+++ INFORMATION SHOWN
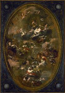 - NOTIZIE STORICO CRITICHE Bozzetto per la decorazione di una volta, l'opera può essere accostata all'ambiente napoletano di Francesco Solimena e, secondo l'ipotesi di F. Rossi (in "La raccolta Maria Volpi ..., 1996), dovrebbe appartenere a uno dei suoi allievi, Domenico Mondo o Piero Bardellino. L'opera, facente parte del legato della nobildonna Sandra Maria Volpi Bassani D'Amico, deceduta nel 1989, fu acquisita dall'Accademia Carrara nel 1996.
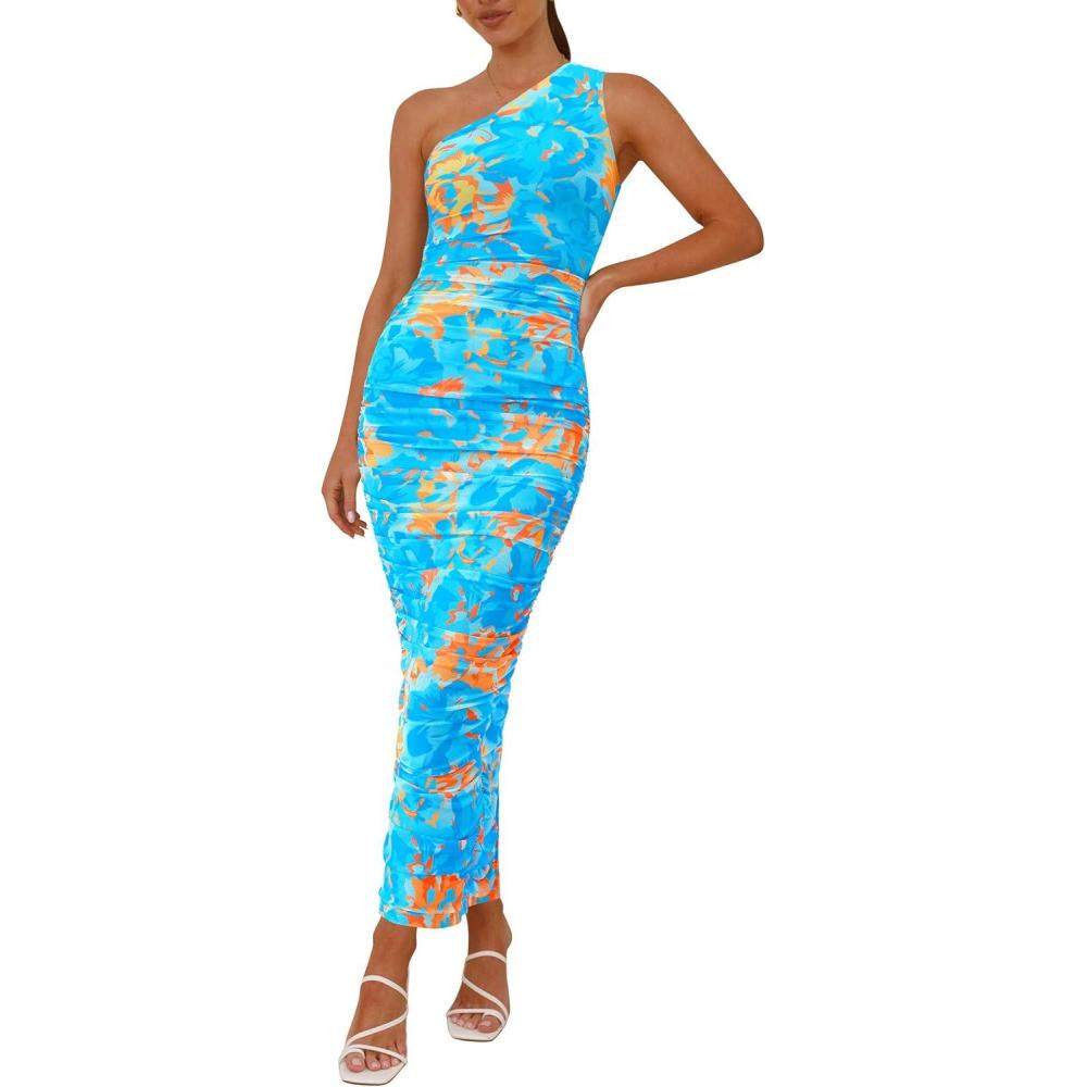 PRETTYGARDEN Women’s One Shoulder Bodycon Dresses Summer 2025 Ruched Floral Beach Cocktail Wedding Guest Dress(Floral Light Blue)
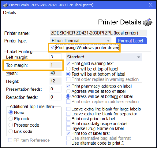 Due to the addition of the QR codes and using the Windows Printer Driver to print your labels, you may need to adjust your label printer configuration.
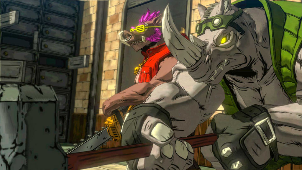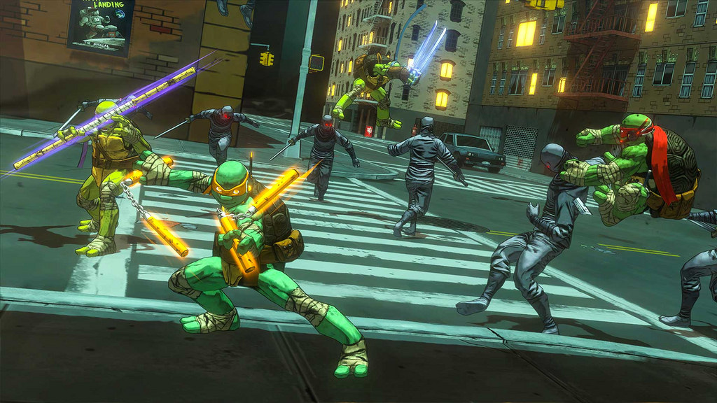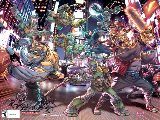 | Teenage Mutants Ninja Turtles : Mutants in Manhattan est un jeu-vidéo développé par Platinium Games et réalisé par Activision. Le scénario est de Tom Waltz, qui a déjà travaillé sur de nombreux numéros du comics TMNT produit par IDW. Les premières informations concernant ce jeu ont fuitées le 30 novembre 2015, promettant un univers plus sombre que celui de Nickelodeon. Peu de temps après, le nom du jeu ainsi qu’une image dessinée par Mateus Santolouco sortit sur internet. Les fans pouvaient à présent être sûrs que le jeu serait bel et bien adapté de l’univers d’IDW. Entre décembre 2015 et janvier 2016, les DLC et les premiers visuels du jeu ont fuités sur la toile. Platinium Games avait prévu d’ouvrir son site officiel avec la bande-annonce du jeu le 26 janvier 2016. Il avait été mis en ligne un jour avant, avec un compte à rebours. Hélas pour eux, la bande-annonce fuita dans la nuit du 25 et 26, les obligeant à la présenter de manière prématurée sur leur site. SinopsisBataille aux côtés de tes frères à travers les égouts, le métro, et les rues de New York pour vaincre l’organisation maléfique de Krang et de Shredder, Foot après Foot. Débloquez des compétences personnalisées de combats et de puissants combos d’équipe pour sauver Manhattan des forces obscures qui grandissent dans l’ombre. Le jeuLe jeu permettra aux fans de combattre de grands méchants de l’univers d’IDW, comme Bebop, Rocksteady, Shredder, les Foot ou encore les soldats de pierre. Il ne s’agit pas d’un jeu de plateformes ou linéaire comme ce fut le cas précédemment. Ici il sera question d’un jeu avec un monde ouvert dont les niveaux se termineront par n combat contre des boss. Un mode en-ligne permet de jouer de 1 à 4 joueurs, et un mode coopération de 2 à 4 joueurs. | Développeur : Platinium Games Editeur : Activision Scénario : Tom Waltz Date de sortie : Plateformes 1 à 4 joueurs (mode en-ligne) |
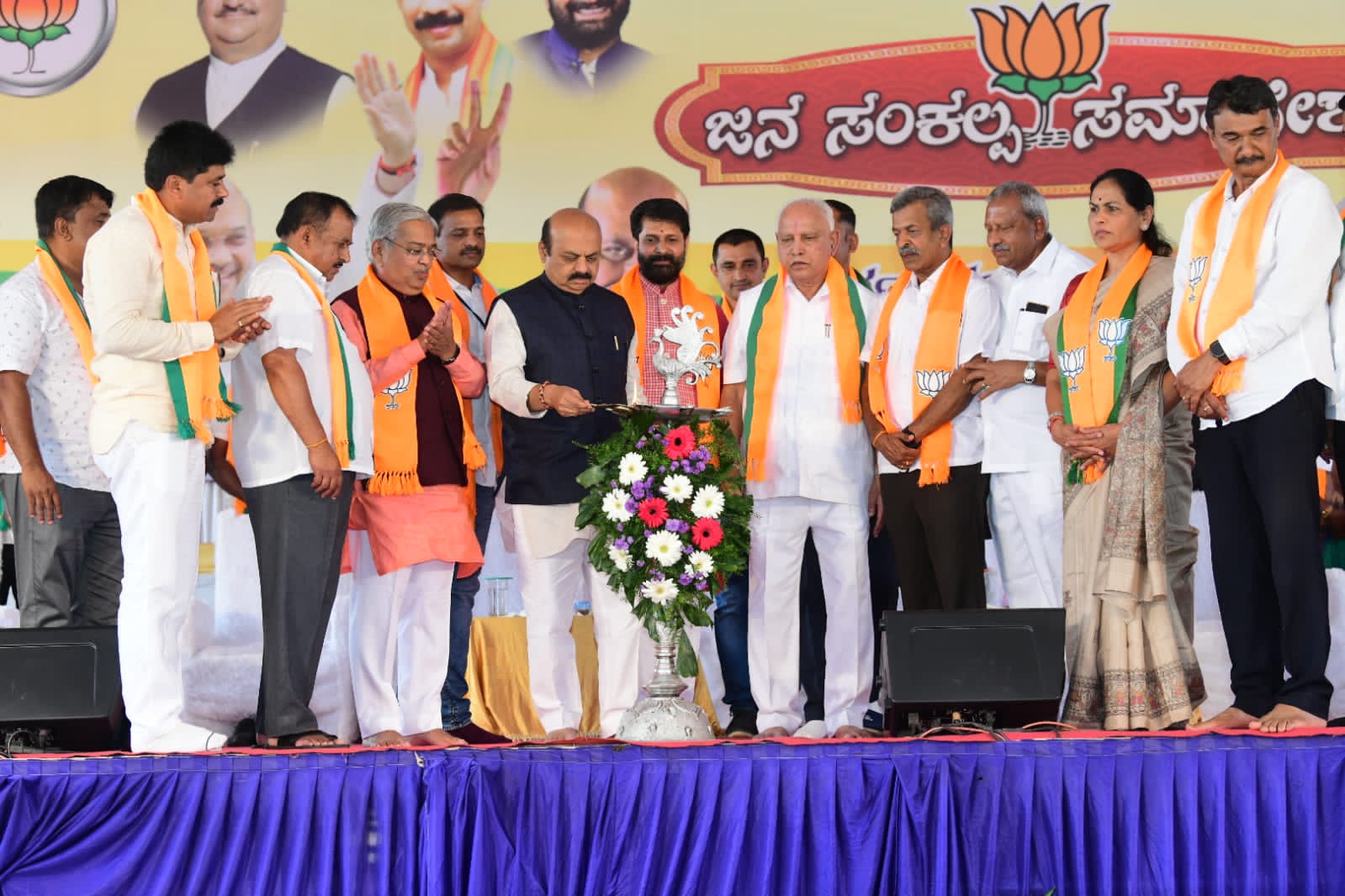 ಮಾಜಿ ಮುಖ್ಯಮಂತ್ರಿ, ಸಂಸದೀಯ ಸಲಹ ಮಂಡಳಿ ಸದಸ್ಯ ಬಿ.ಎಸ್.ಯಡಿಯೂರಪ್ಪ ಮಾತನಾಡಿ, ಕಾಂಗ್ರೆಸ್ ಪಕ್ಷ ದೇಶದಲ್ಲಿ ಅಸ್ತಿತ್ವ ಕಳೆದುಕೊಂಡಿದೆ. ಸದ್ಯ ಎರಡು ರಾಜ್ಯದಲ್ಲಿ ಅಧಿಕಾರದಲ್ಲಿದ್ದು, ಮುಂಬರುವ ಚುನಾವಣೆಯಲ್ಲಿ ಪ್ರಧಾನ ಮಂತ್ರಿ ನರೇಂದ್ರ ಮೋದಿಯವರ ನೇತೃತ್ವದಲ್ಲಿ ಆ ಎರಡು ರಾಜ್ಯಗಳಲ್ಲೂ ಕಾಂಗ್ರೆಸ್ ಅಧಿಕಾರ ಕಳೆದುಕೊಂಡು ಧೂಳಿಪಟವಾಗಲಿದೆ. ಕಾಂಗ್ರೆಸ್ ಪಕ್ಷಕ್ಕೆ ಭವಿಷ್ಯವಿಲ್ಲ, 63ವರ್ಷಗಳ ಕಾಲ ಅಧಿಕಾರ ನಡೆಸಿದ ಕಾಂಗ್ರೆಸ್‍ನವರು ಭ್ರಷ್ಟಾಚಾರ ನಡೆಸಿದರೇ ವಿನಃ ದೇಶದ ಅಭಿವೃದ್ಧಿ ಮಾಡಿಲ್ಲ. ಸದ್ಯ ಹಣ ಹೆಂಡ, ತೋಳ್ಬಲದಿಂದ ಚುನಾವಣೆ ಗೆಲ್ಲುವ ಭ್ರಮೆಯಲ್ಲಿದ್ದಾರೆ. ಡಿಕೆಶಿ, ಸಿದ್ದು ನಡುವೆ ನಾನೇ ಸಿಎಂ ಎಂಬ ಬಗ್ಗೆ ಚರ್ಚೆ ಆರಂಭವಾಗಿದ್ದು, ಅವರ ಕನಸು ನನಸಾಗಲ್ಲ ಎಂದ ಅವರು, ಸಿದ್ದರಾಮಯ್ಯ ಅವರು ಸುಳ್ಳು ಭರವಸೆಗಳನ್ನು ನೀಡಿ ರೈತರು ಮತ್ತು ಜನರ ದಿಕ್ಕು ತಪ್ಪಿಸುವ ಕೆಲಸ ಮಾಡಿದ್ದು, ಜನರು ಯಾವುದೇ ಕಾರಣಕ್ಕೂ ಅವರನ್ನು ಕ್ಷಮಿಸುವುದಿಲ್ಲ. ರಾಜ್ಯದಲ್ಲಿ ಮುಂಬರುವ ಚುನಾವಣೆಯಲ್ಲಿ ಬಿಜೆಪಿ 140 ಸ್ಥಾನಗಳಲ್ಲಿ ಗೆಲ್ಲುವ ಮೂಲಕ ಮತ್ತೊಮ್ಮೆ ಅಧಿಕಾರ ಹಿಡಿಯಲಿದೆ ಎಂದರು.
++++++
-- WHAT IS BEING ASKED --
The copy should hold only the lines from the one with "PRETTYGARDEN Women’s One" through the one with "Due to the addition", exactly as they stand above. Leave out the pictures.

-- EXERCISE OUTPUT --
 PRETTYGARDEN Women’s One Shoulder Bodycon Dresses Summer 2025 Ruched Floral Beach Cocktail Wedding Guest Dress(Floral Light Blue)
 Due to the addition of the QR codes and using the Windows Printer Driver to print your labels, you may need to adjust your label printer configuration.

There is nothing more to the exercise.